> _LISTED ENTRIES_
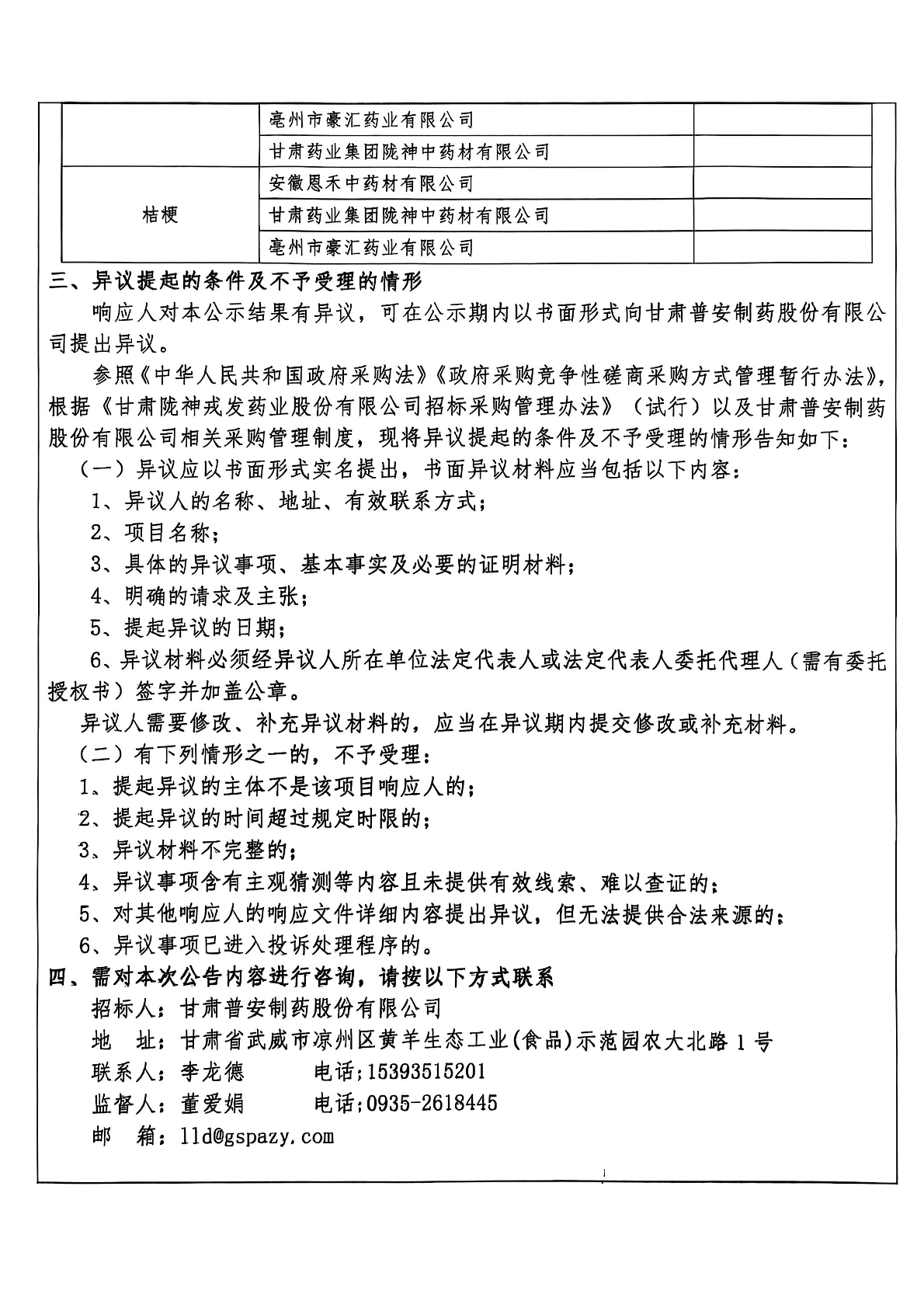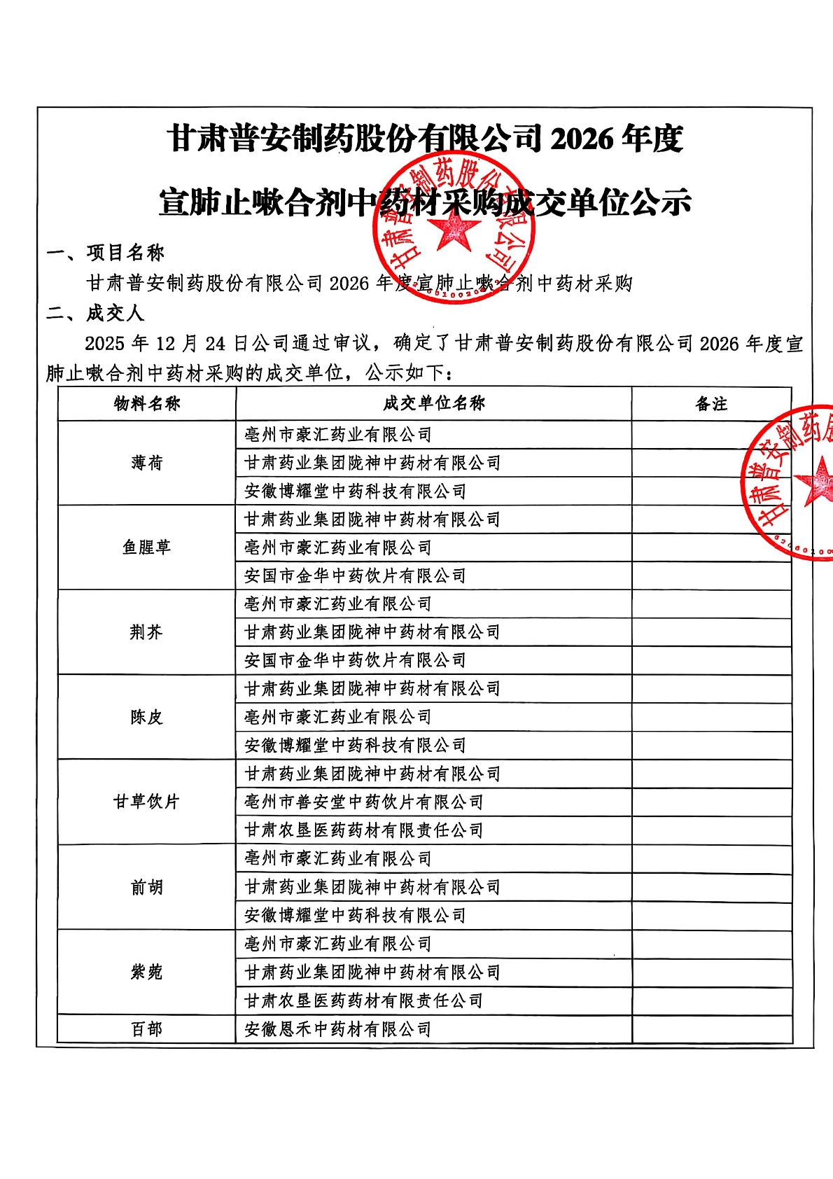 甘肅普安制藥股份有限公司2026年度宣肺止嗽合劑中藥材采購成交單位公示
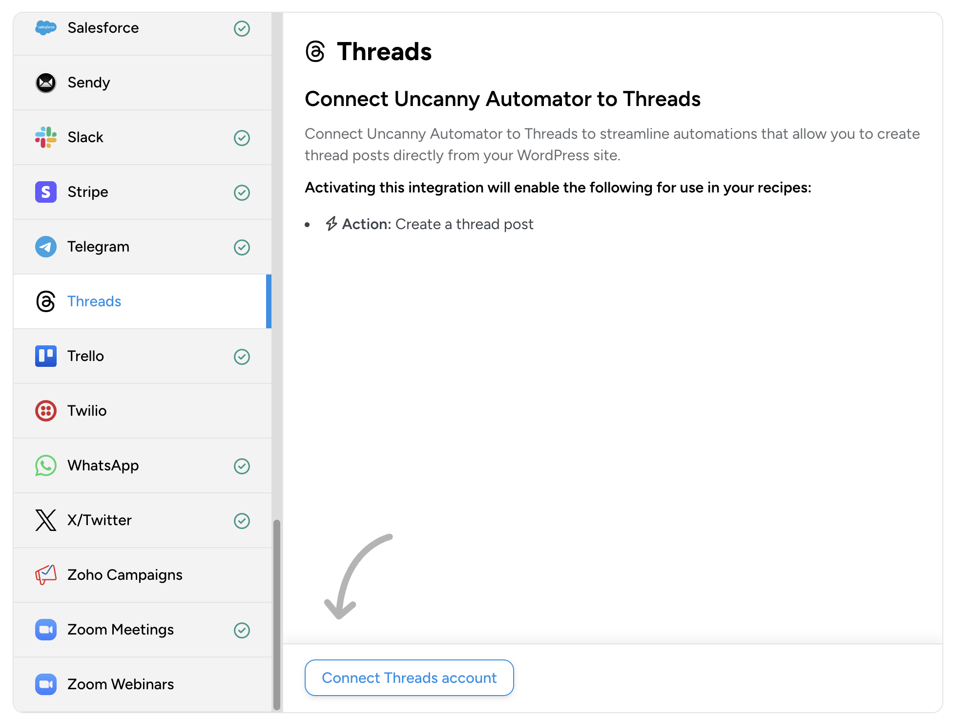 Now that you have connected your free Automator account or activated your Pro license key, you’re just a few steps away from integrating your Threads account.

* * *

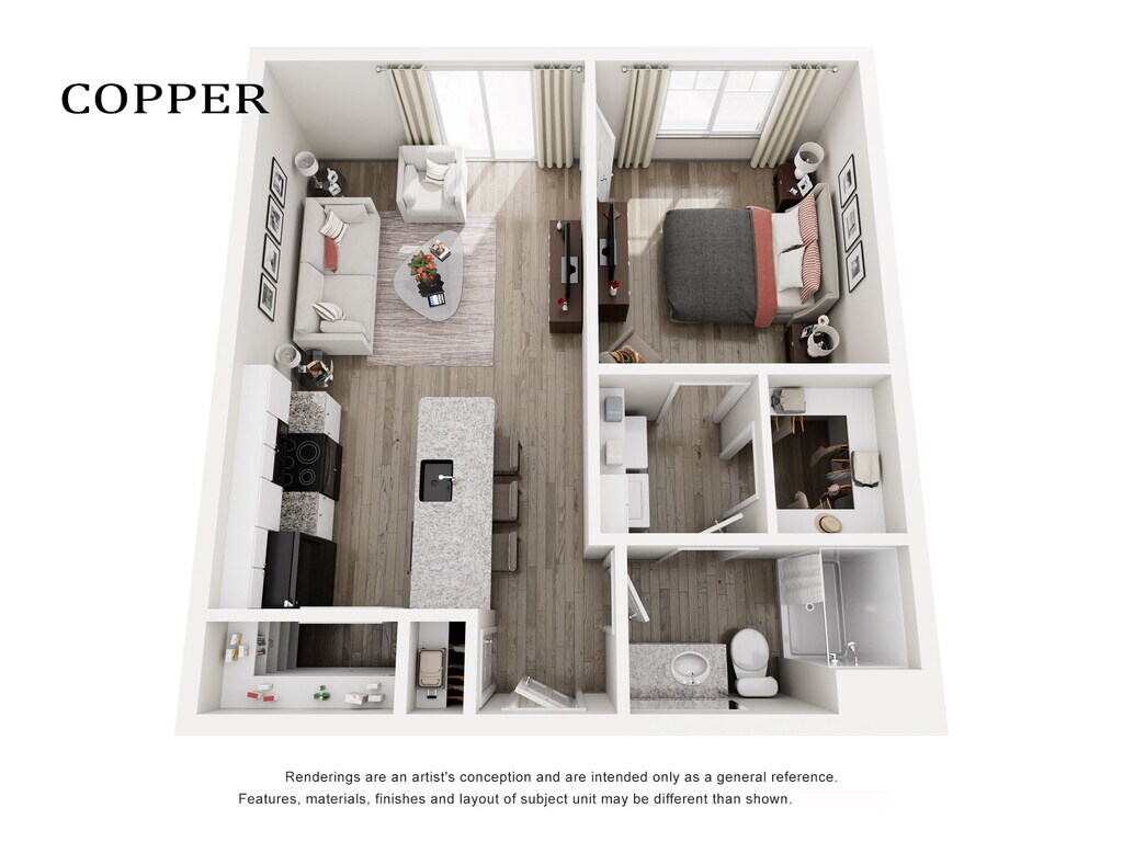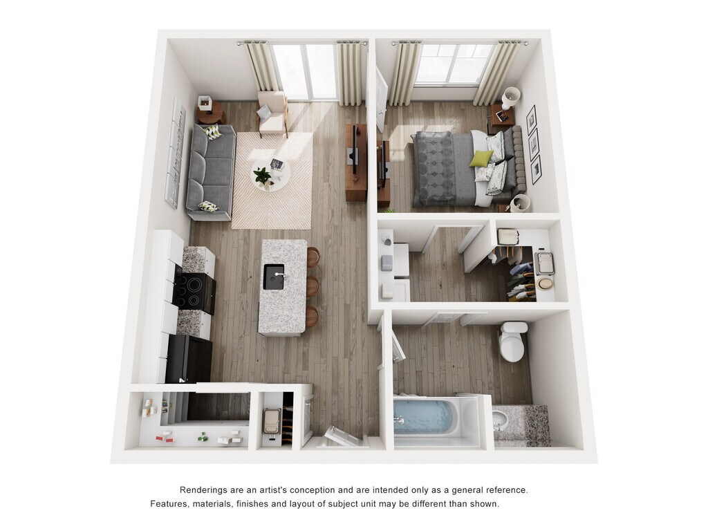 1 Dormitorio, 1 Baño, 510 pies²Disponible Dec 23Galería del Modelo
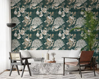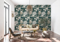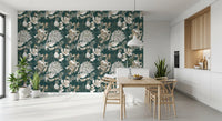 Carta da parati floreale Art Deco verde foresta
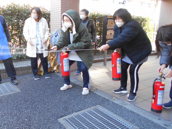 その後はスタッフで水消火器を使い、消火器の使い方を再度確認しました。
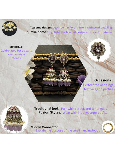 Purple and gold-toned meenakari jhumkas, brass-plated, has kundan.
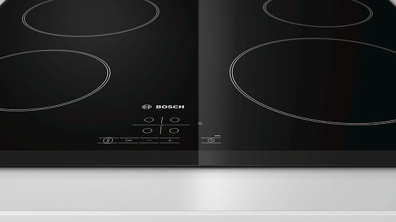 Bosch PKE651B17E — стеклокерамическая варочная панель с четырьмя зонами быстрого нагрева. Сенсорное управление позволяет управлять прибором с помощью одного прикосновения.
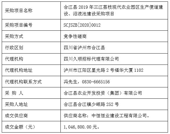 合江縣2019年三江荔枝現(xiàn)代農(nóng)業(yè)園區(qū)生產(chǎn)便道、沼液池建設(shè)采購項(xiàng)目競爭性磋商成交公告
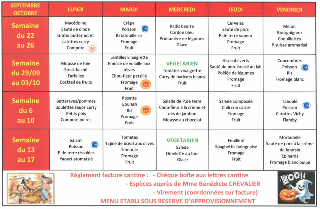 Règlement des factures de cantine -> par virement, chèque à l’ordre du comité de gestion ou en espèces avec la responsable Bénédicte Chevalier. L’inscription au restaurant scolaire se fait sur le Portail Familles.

* * *

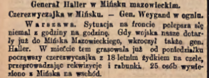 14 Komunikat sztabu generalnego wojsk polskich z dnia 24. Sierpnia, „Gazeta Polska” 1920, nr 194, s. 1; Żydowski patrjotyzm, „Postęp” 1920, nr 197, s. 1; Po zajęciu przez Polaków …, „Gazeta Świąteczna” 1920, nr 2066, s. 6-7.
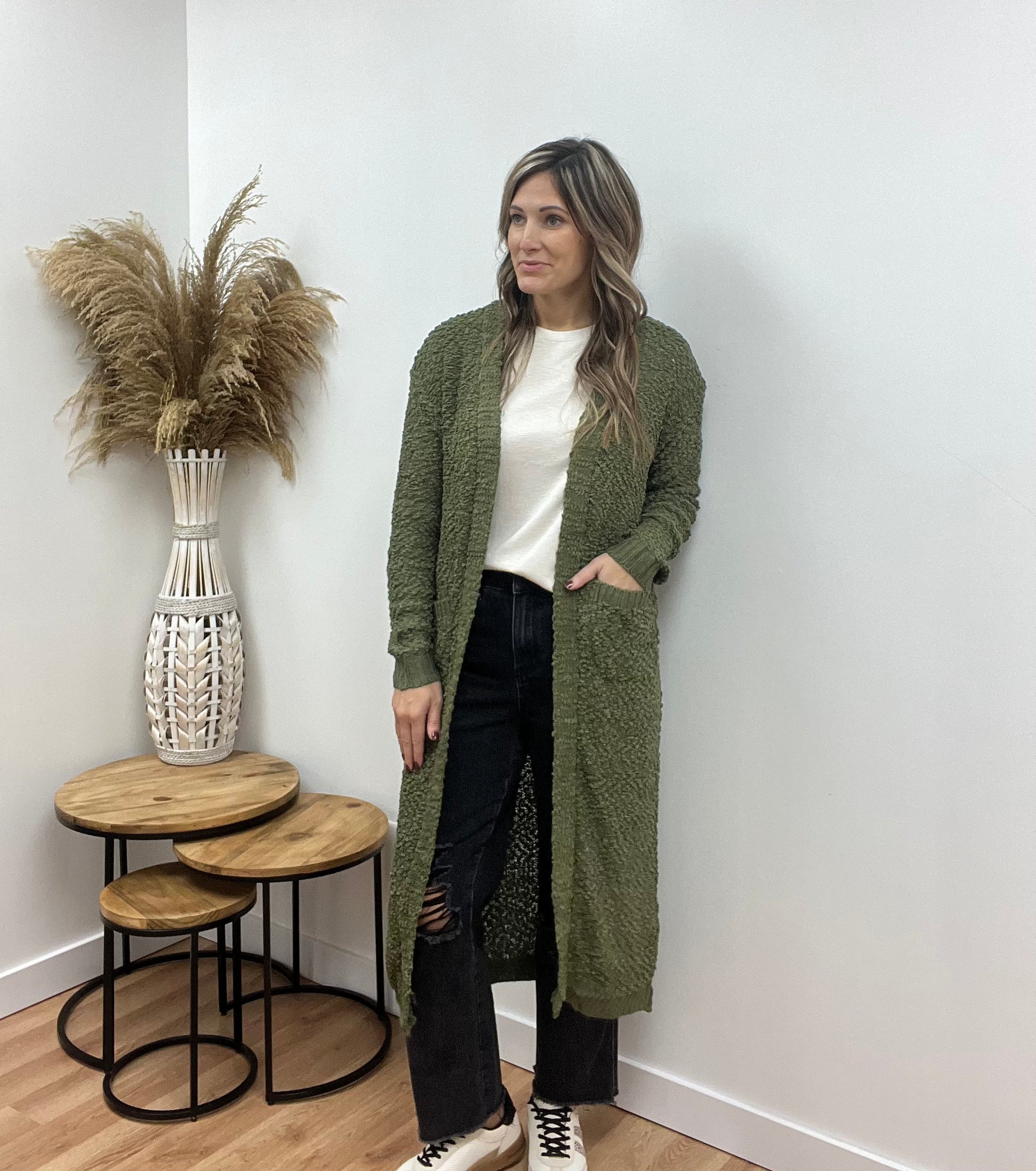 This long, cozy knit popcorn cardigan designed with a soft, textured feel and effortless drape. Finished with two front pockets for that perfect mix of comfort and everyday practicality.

> _WHAT IS NEEDED_
Look above for the line containing "甘肅普安制藥股份有限公司2026年度宣肺止嗽合劑中藥材采購成交單位公示" and the line containing "Now that you", then reproduce both and everything between them exactly, pictures omitted.

> _YOUR RESPONSE_
 甘肅普安制藥股份有限公司2026年度宣肺止嗽合劑中藥材采購成交單位公示
 Now that you have connected your free Automator account or activated your Pro license key, you’re just a few steps away from integrating your Threads account.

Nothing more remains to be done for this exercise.